EQUIVALISED HOUSEHOLD INCOME

Average

In 2006, the mean (average) equivalised gross household income for Indigenous people was $460 per week, compared with $740 for non-Indigenous people. Mean equivalised household income was lower in remote areas compared with non-remote areas for Indigenous people ($539 per week in Major Cities and $329 in Very Remote areas). This pattern differed for non-Indigenous people, where mean income was highest in Major Cities ($779) and Very Remote areas ($812).

Mean Equivalised Gross Household Income, Residents of occupied private dwellings(a)
Graph: Mean Equivalised Gross Household Income, Residents of occupied private dwellings(a)




Growth

Between 2001 and 2006, mean equivalised gross household income for Indigenous people rose by 9% (after adjustment for inflation using the Consumer Price Index), which is the same level of growth observed for non-Indigenous people over the same period. The relative income disparity between Indigenous and non-Indigenous people remained constant, compared with 2001. Overall, the mean equivalised gross household income for Indigenous people is approximately 62% of the corresponding figure for non-Indigenous people.



Income distribution

Household income distribution can be analysed by ranking all people in ascending order according to their associated household income and then dividing the population of people into five equal groups (quintiles). In 2006:

  • people in the lowest quintile had an associated equivalised gross household income of less than $315 per week
  • people in the second quintile had an associated equivalised gross household income of $315 to $515 per week
  • people in the third quintile had an associated equivalised gross household income of $516 to $742 per week
  • people in the fourth quintile had an associated equivalised gross household income of $743 to $1,077 per week
  • people in the highest quintile had an associated equivalised gross household income of $1,078 or more per week.

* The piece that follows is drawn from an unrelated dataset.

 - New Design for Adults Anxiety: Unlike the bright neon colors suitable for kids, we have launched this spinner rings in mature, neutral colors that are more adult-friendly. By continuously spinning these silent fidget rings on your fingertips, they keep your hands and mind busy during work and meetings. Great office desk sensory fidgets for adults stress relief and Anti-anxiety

At a national level, Indigenous people counted in the Census represented 2.4% of the population with a known Indigenous status, however, Indigenous people made up 4.8% of the people with a known Indigenous status in the lowest income quintile, and only 0.6% of the highest income quintile. Approximately 45% of all Indigenous people were in the lowest income quintile.

Household Income quintiles(a), Residents of occupied private dwellings(b)
Graph: Household Income quintiles(a), Residents of occupied private dwellings(b)

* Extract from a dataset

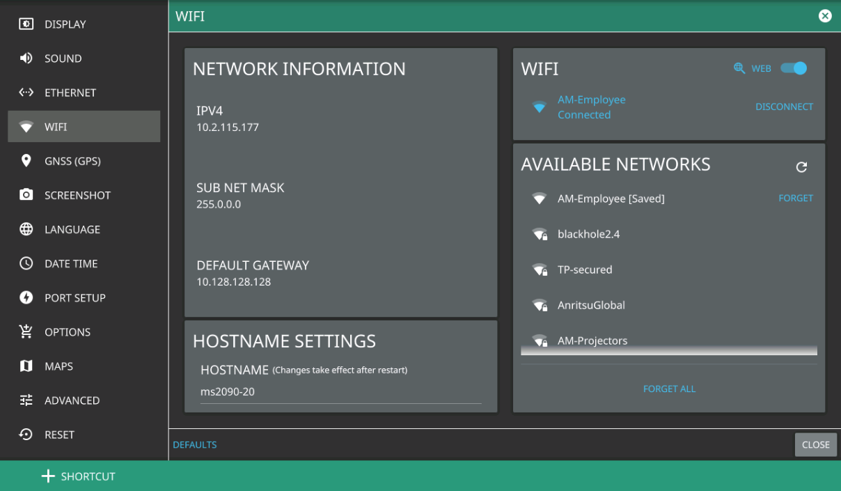2. Select SETTINGS to access the instrument settings menu, then select WIFI to display the current network settings (IP address, HOSTNAME, etc.).

For some households in the lowest income quintile, income levels may not accurately reflect their level of economic wellbeing. This is particularly so for households that have unincorporated businesses or have access to wealth. There are more of these households in the non-Indigenous population compared with the Indigenous population. To better compare households with low levels of economic resources, 'low resource' households have been defined as households in the lowest income quintile excluding those that own their home (with or without a mortgage) or where a household member was an owner manager of an unincorporated business. Under this definition, 39% of Indigenous people were living in low resource households, compared with 8% of non-Indigenous people.


Since 2001, the distribution of income for Indigenous people has shifted slightly, with more Indigenous people now at the higher end of the distribution. In 2006, 16% of Indigenous people were in the highest two income quintiles compared with 14% in 2001.

Household Income Quintiles(a), 2001 and 2006, Indigenous residents of occupied private dwellings(b)
Graph: Household Income Quintiles(a), 2001 and 2006, Indigenous residents of occupied private dwellings(b)



Approximately 6% of Indigenous people were in the highest income quintile. Of these, almost 54% resided in Major Cities, compared with 80% for non-Indigenous people. Over 12% of Indigenous people in the highest income quintile resided in Remote or Very Remote areas, compared with less than 2% of non-Indigenous people in the highest income quintile.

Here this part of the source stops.